Le corps c'est l'écran. La philosophie du visuel de Merleau-Ponty

par Anna Caterina Dalmasso

Thèse de doctorat en Philosophie (métaphysique, épistémologie, esthétique)

Sous la direction de Mauro Carbone et de Andrea Pinotti.

Le président du jury était Philippe Dubois.

Le jury était composé de Philippe Dubois, Emmanuel de Saint Aubert, Galen A. Johnson, Ruggero Eugeni.

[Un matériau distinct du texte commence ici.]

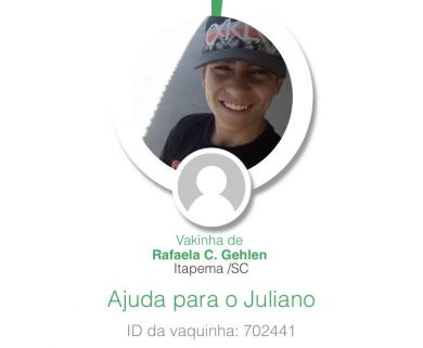 Agora, no site Vakinha.me, uma amiga de Juliano está organizando uma vaquinha para arrecadar dinheiro para ajudar nas necessidades futuras do jovem.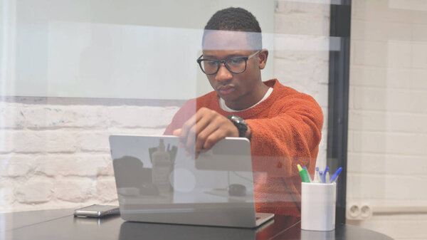 652679480 Concentrated businessman in eyeglasses waving hand and looking at tablet, online video call and business conference. Concept of internet, digital meeting and technology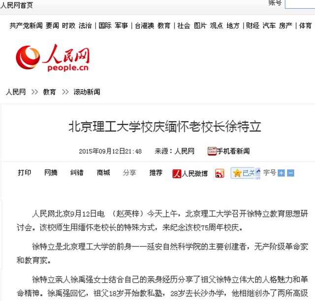 人民網(wǎng)北京9月12日電(趙英梓)今天上午,北京理工大學召開徐特立教育思想研討會。該校師生用緬懷老校長的特殊方式,來紀念該校75周年校慶。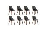 Oikiture Dining Chairs Wooden Chair Kitchen Cafe Faux Linen fabric Padded Seatx8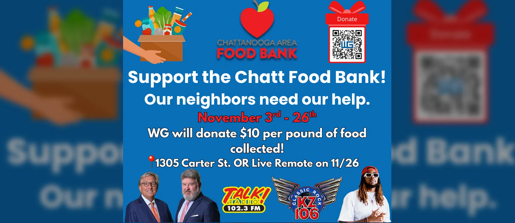 "We're giving thanks in a big way! Warren & Griffin are matching donations to the Chattanooga Food Bank with $10 per pound, up to $2,500! And Cumulus Media wants to keep the giving going-lo...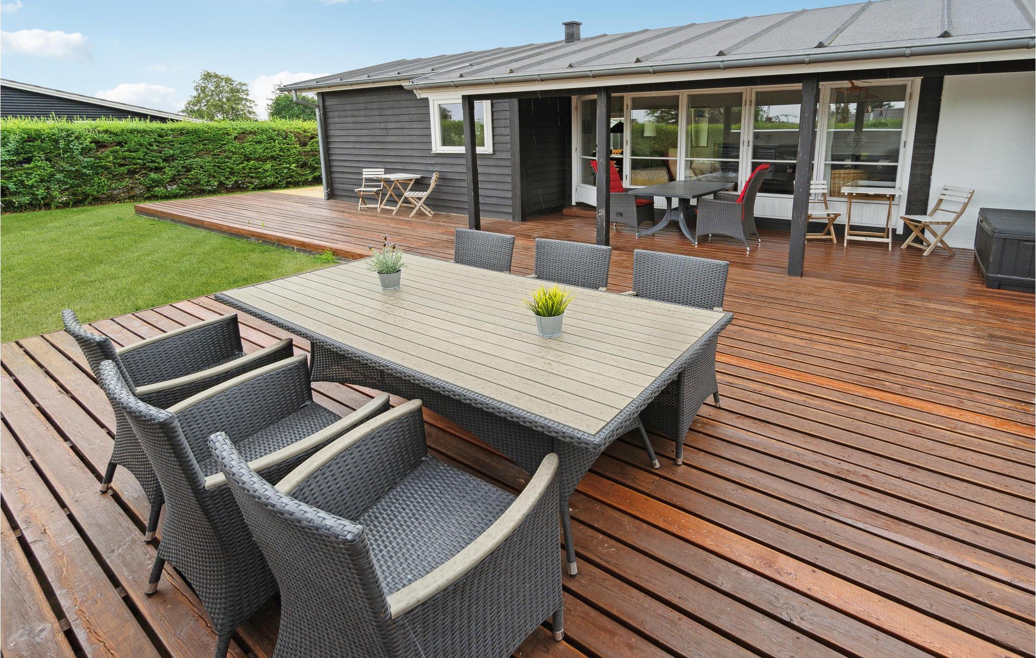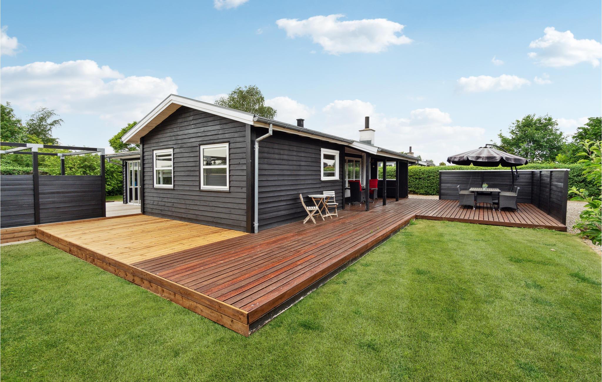 Stilfuldt feriehus i Hejlsminde tæt på strand med brændeovn, have og moderne faciliteter.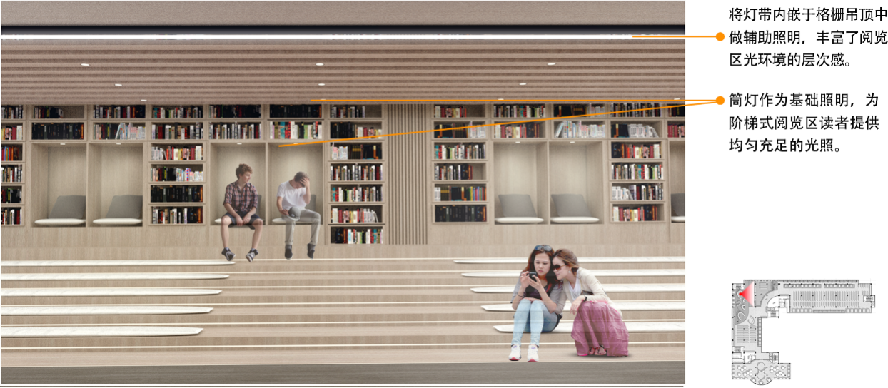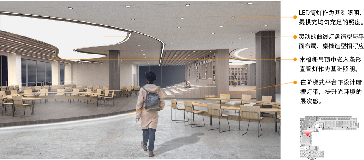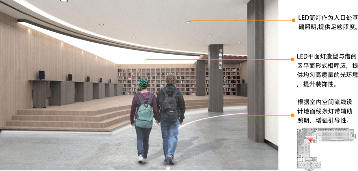 在入口的走道中,利用LED筒灯作为基础照明,提供足够照度。在借阅区设计阶梯式平台以增强空间的活力。设计灵动的平面灯造型与借阅区平面阶梯形式相呼应,营造光照充足、均匀、装饰感强的光环境。同时依据室内空间流线,设计地面线条灯带辅助照明,增强引导功能。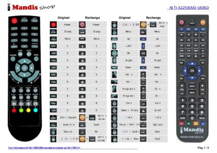 Un document est inclus pour vous aider à utiliser facilement la nouvelle télécommande, en indiquant la correspondance des boutons.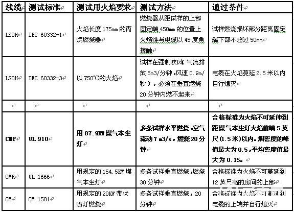 級。反之,即使材料使用了低煙、阻燃PVC加FEP,如達不到上述測試要求,阻燃等級同樣不能說達到CMP級。各種線纜詳細的測試方法及判定條件見下表: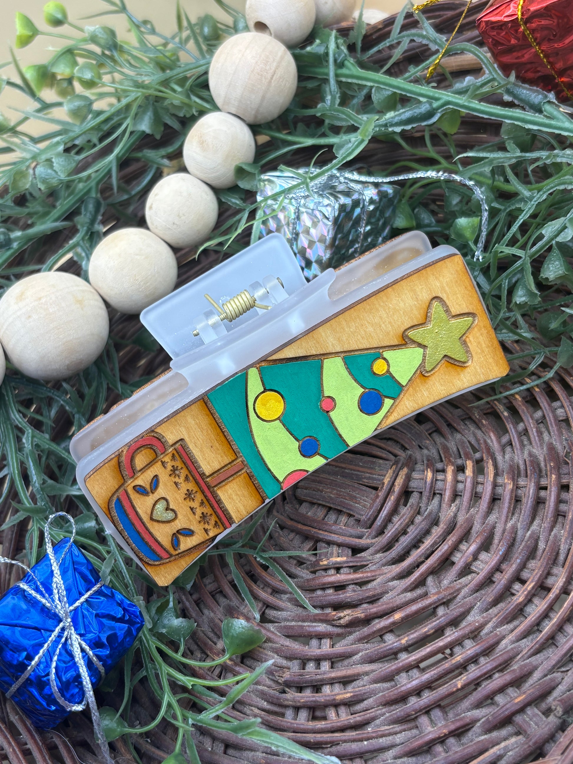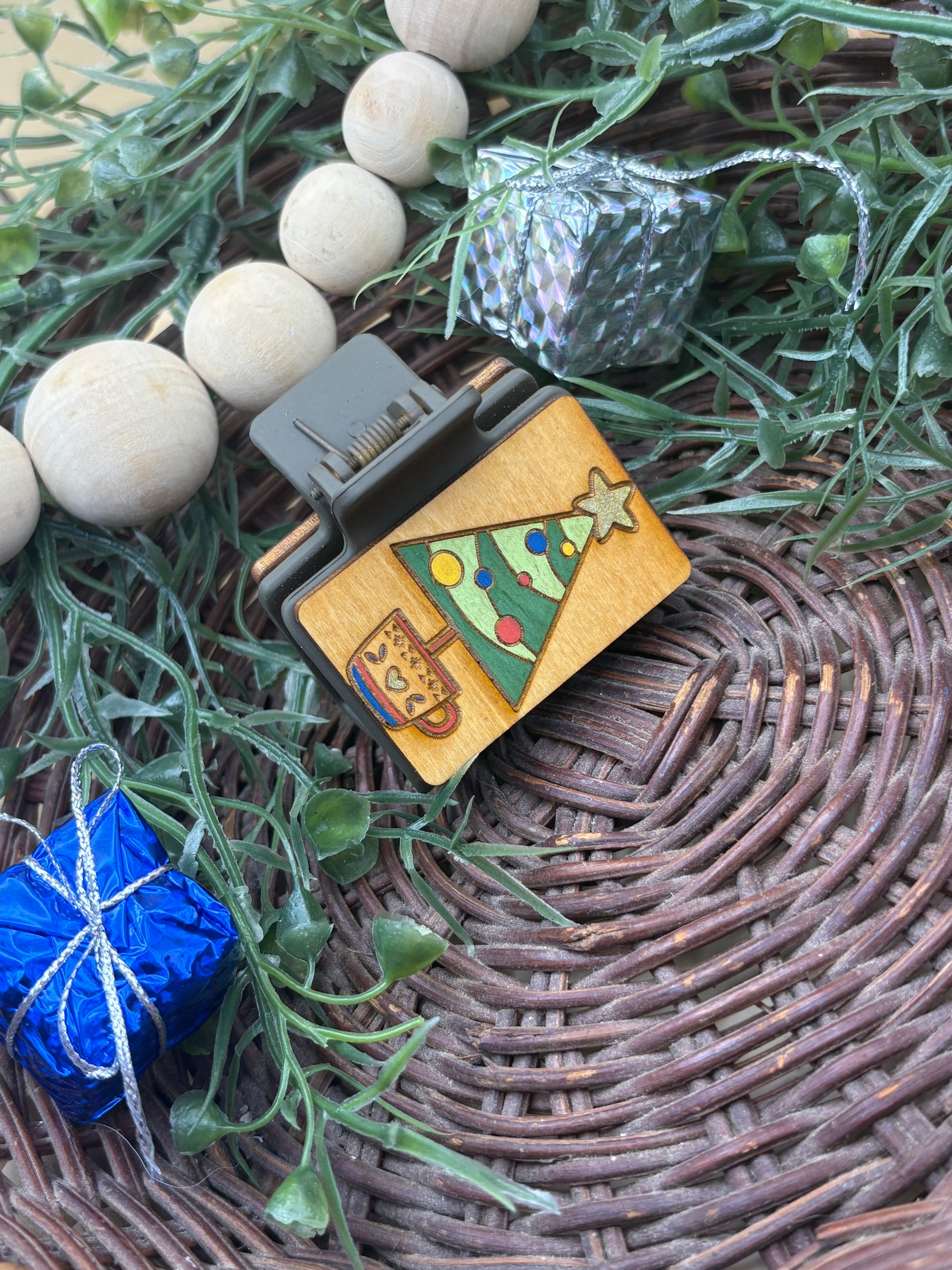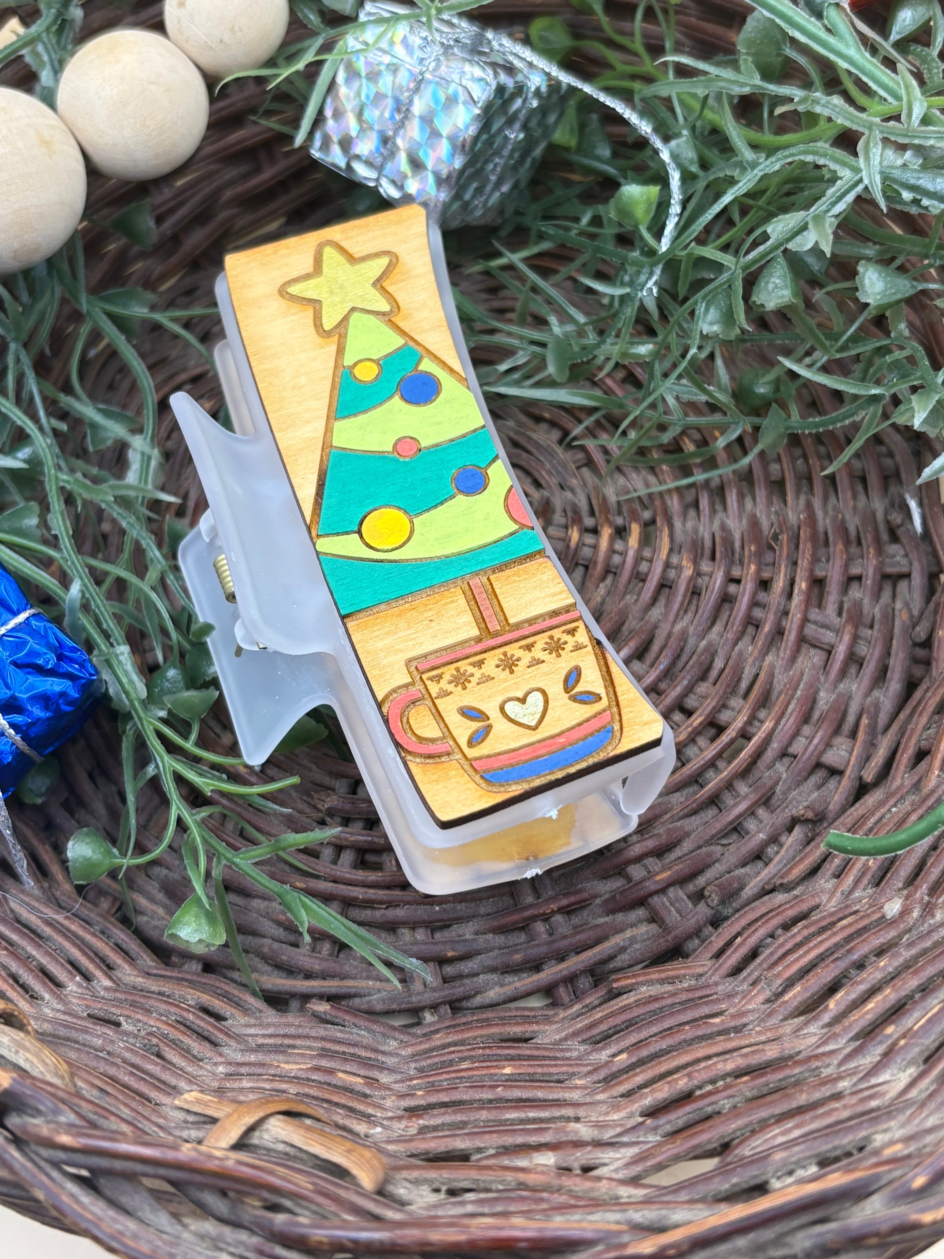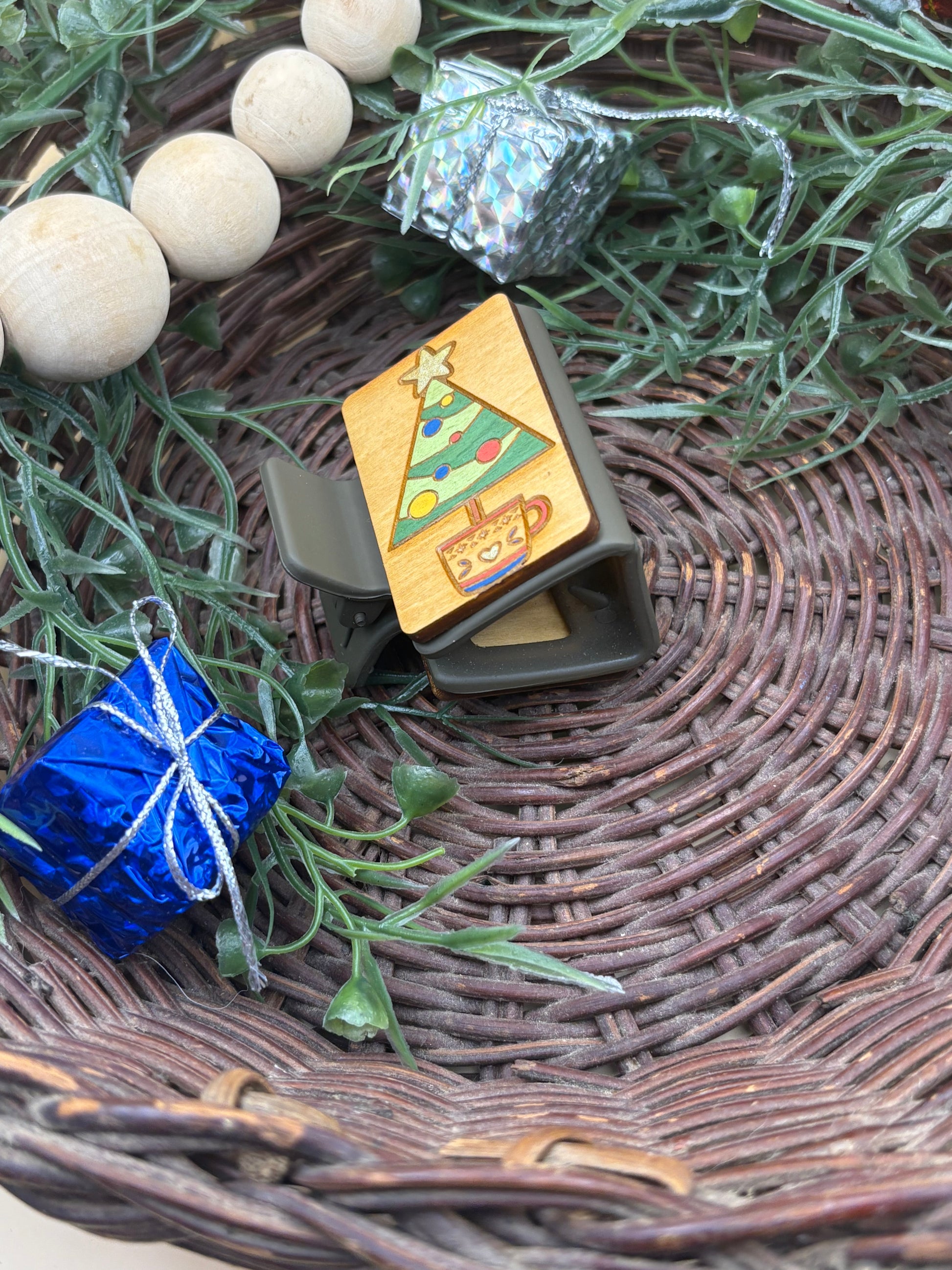 Made from lightweight wood. Handmade and hand painted. Features a cute geometric Christmas tree in a folksy mug. Perfect accessory for the holiday season!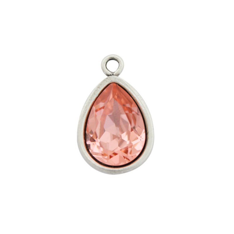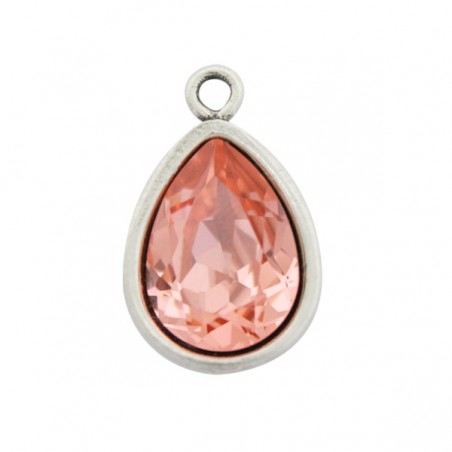 Pendentif en forme de larme 14x10mm avec cristal Swarovski. Pêche rose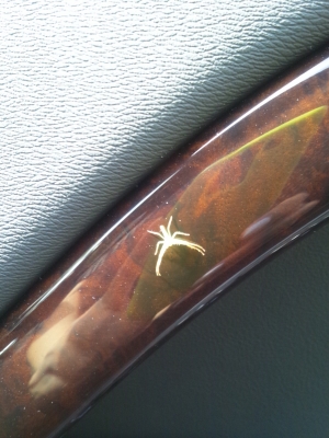 変わったカタチの綺麗な蛍光グリーンの小さいクモがいました。

Les rapporteurs étaient Philippe Dubois, Emmanuel de Saint Aubert.


  • Résumé

    Pour Merleau-Ponty, l’exigence de repenser la rationalité contemporaine au-delà du dualisme de sujet et objet implique et s’entrelace avec la question du regard, conçu non pas en tant que point d’où se produit une vision du monde, mais comme événement dans lequel le sujet et le monde naissent l’un à l’autre dans un seul mouvement de co-naissance. Le visible alors, et notamment ce type particulier de visible qu’est l’image, est compris comme le point où il en va de la rationalité et de l’Être, en même temps qu’il est pensé dans sa dimension historique, en vertu de son apparition phénoménale et située, mais aussi en tant qu’il implique un revers d’invisibilité ou horizon de latence. Ainsi, le voir est réintégré dans ce corps, dont les yeux voient, et le rapport entre corps et image est compris dans sa trame historique et processuelle, incluant les mutations anthropologiques et épistémiques qui sont à l’œuvre dans notre rapport au monde visible, Merleau-Ponty lui-même n’hésitant pas à faire appel aux médias et aux arts visuels pour poursuivre la formulation d’un tel rapport sur le plan philosophique. En comprenant le sujet comme un voyant qui n’est pas simplement dans le visible, mais en est, le philosophe en vient à formuler une réversibilité de la vision et une co-implication de sens et sensible, riches de conséquences pour une compréhension du régime scopique contemporain, et convergeant avec les instances propres du tournant iconique ou pictural ayant investi la pensée de l’image, tant dans le domaine anglo-saxon que dans le contexte européen.C’est donc à partir de ces éléments qu’il est possible de formuler une pensée du visuel de Merleau-Ponty, qu’on cherchera à caractériser par le biais de certains noyaux décisifs – image, œuvre, médium, technique, haptique – et notamment à travers la référence au cinéma et à la notion d’écran, tantôt dans la tentative d’en reconstruire le développement, par rapport aux sources et aux différentes phases de la réflexion merleau-pontienne, tantôt dans la tentative d’en cerner l’impact généré au sein d’autres champs scientifiques, ainsi que d’en mettre en lumière l’intérêt pour toute pensée qui se propose d’interroger l’image et le visuel aujourd’hui.

  • Titre traduit

    The Body is the Screen. Merleau-Ponty’s Philosophy of the Visual


  • Résumé

    Merleau-Ponty’s later thought is primarily concerned with a new conception of visibility, of what the philosopher calls a “generality of the Sensible”, originating both the “reversibility” of the body, its capacity to be both sentient and sensible, and an intentionality of the visible itself. What is at stake in thinking of the seer as being enveloped in the visible, as being of it, within the visible, is an “ontological rehabilitation of the sensible”, which is particularly rich and brings along consequences for an understanding of our contemporary scopic regime, and especially of the ontological status of images and screens in our visual experience. Merleau-Ponty thinks of the visible world not simply as an object, but as the pivot for a new conception of rationality and Being, one that seeks to rearticulate the ontological relationship between the self and the world beyond all forms of dualism. Accordingly, the visible is taken into account in its historicity, as long as it is phenomenal and situated in its appearance, but also as it always implies a constitutive invisibility or a certain latency and virtuality. Vision is conceived as a historical and processual phenomenon, including anthropological and epistemic mutations being afoot in our contact with the visible world, inscribed in human forms of expression and particularly artistic creation, which is one of the cores of Merleau-Ponty’s philosophical work. It is then with regard to such aspects that it is possible to refer to a philosophy of the “visual” in Merleau-Ponty, which I will try to characterize, by focusing on some fundamental pivotal points, such as image, medium, technique, work of art, haptic. I will make special reference to the reflection on cinema and the notion of “screen”, in the attempt of both retracing the elaboration of such issues, in relation to sources and different phases of Merleau-Ponty’s philosophy, and appreciating the interest that his thought has generated in other scientific fields related to visual.